Exposing your PC directly to the Internet is like not locking your door when you leave home, and the end result is someone intentionally or unintentionally intruding into your room and swept gold and silver jewelry. How can we guarantee the safety of the system? Installing firewall software is the most commonly used measure, and often as a complementary means, the installation of hardware-based firewall is also a common measure.
And even if you are an experienced veteran, configuring firewalls is not an easy task. If you have ever abandoned the idea of installing a firewall, or whether the firewall has a comprehensive protection of the system, it does not matter, today we will resolve the mystery for you.
Opening the Merriam-Webster Dictionary (merriam-webster), "Firewall" originally meant: a wall used to block the spread of fire. In the area of information technology, firewalls are used to protect computers from harmful intrusions from the Internet. Unlike fires, the threat from the network does not just affect the computers that are nearby, and if someone uses your IP address and TCP or UDP ports, no matter how far away, your system will be hit.
Whenever you use a browser, E-mail, or download a file from an Internet site or remote server, the data is passed through one or more ports in the system. And those computer hackers, whether they spy on the system's gifted teens, wily spyware, or the Windows XP Messenger service pop up spam, have the same attack strategy--either by discovering an open port to access the system, or by tricking you into opening a port like this.
Firewalls can monitor thousands of ports-either dial-up or broadband-and it can block unauthorized access requests. Hardware-based firewalls are typically integrated into routers and gateway products, between PCs and cable or DSL modems. And the software firewall is running on top of the PC.
For hardware firewalls, they are better at protecting PC networks that are connected over broadband. More importantly, they not only have the same routing capabilities, they also act as a NAT (network address translation, net addresses translation) server that hides the IP addresses of computers in the local area network from foreign visitors.

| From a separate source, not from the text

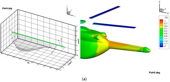 Based on the results of the CFD simulation of the rotor-fuselage interaction, the normal force coefficient was determined in the form , where are trigonometric functions. From Figure 10, it follows that , , . The results of Figure 11 and the function (expression (2)) were used to determine the function . In this case, the function has to satisfy to the condition . So, an approximation of the function in (15) was taken here as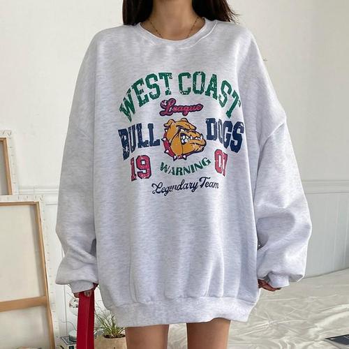 불독 긴팔 BOX 맨투맨 여성 오버핏 티셔츠 (4컬러) 박시핏 빅사이즈

For this reason alone, a hardware firewall is enough to be a smart choice for broadband users, even if you have only one PC. At this point you may wish to purchase a 4-port router, such as Linksys VEFSR41 or D-link di-704p, whose price is not high, about 300~400 yuan. Some products also built-in wireless access module, the price may be slightly more expensive, you can query the relevant Web site for detailed information.
The matching strategy of firewall
The hardware firewall is highly configurable: it can block all data in and out of the specified port. Therefore, planning and configuring a hardware firewall requires a lot of work. Instead, the software firewall runs on top of your PC and is relatively easy to set up and maintain. In addition to blocking illegal access through open ports, software firewalls can prevent malicious programs from sending data to remote servers (like Trojans, spyware and backdoor software written by gifted teens). If you connect to the Internet by dialing, the external hardware firewall is not necessarily your best choice, and the advantage of the software firewall is obvious. For Windows XP users, it is risky to protect PCs simply through integrated ICF (Internet Connection firewall,internet connection firewalls) within the system.

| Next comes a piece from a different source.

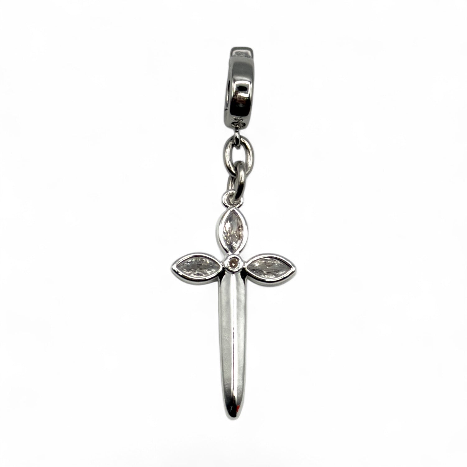 What goes around comes around — and this pendant makes sure it comes back golden. The Karma Pendant embodies balance, protection, and divine justice. Its dagger-like silhouette symbolizes strength, while the marquise-cut CZ stones form a radiant cross — a reminder that energy, like beauty, always finds its way back to you.

ICF is enabled by selecting the "Start" * "Control Panel" * "Network Connection", right-clicking the Internet connection that needs to be secured, selecting the "Properties" option from the shortcut menu, and entering the Advanced tab, selecting By restricting or preventing access to this computer from the Internet to protect my computer and network, click the OK button (shown in Figure 1).
While this may reduce some of the system's security pressures, this is far from enough. As set above, it is much safer than not having a firewall, but Windows XP's built-in firewall can only monitor incoming connections compared to other professional software firewalls. As a result, like back orifice, NetBus, or other backdoor programs, ICF is powerless for this type of illegal access.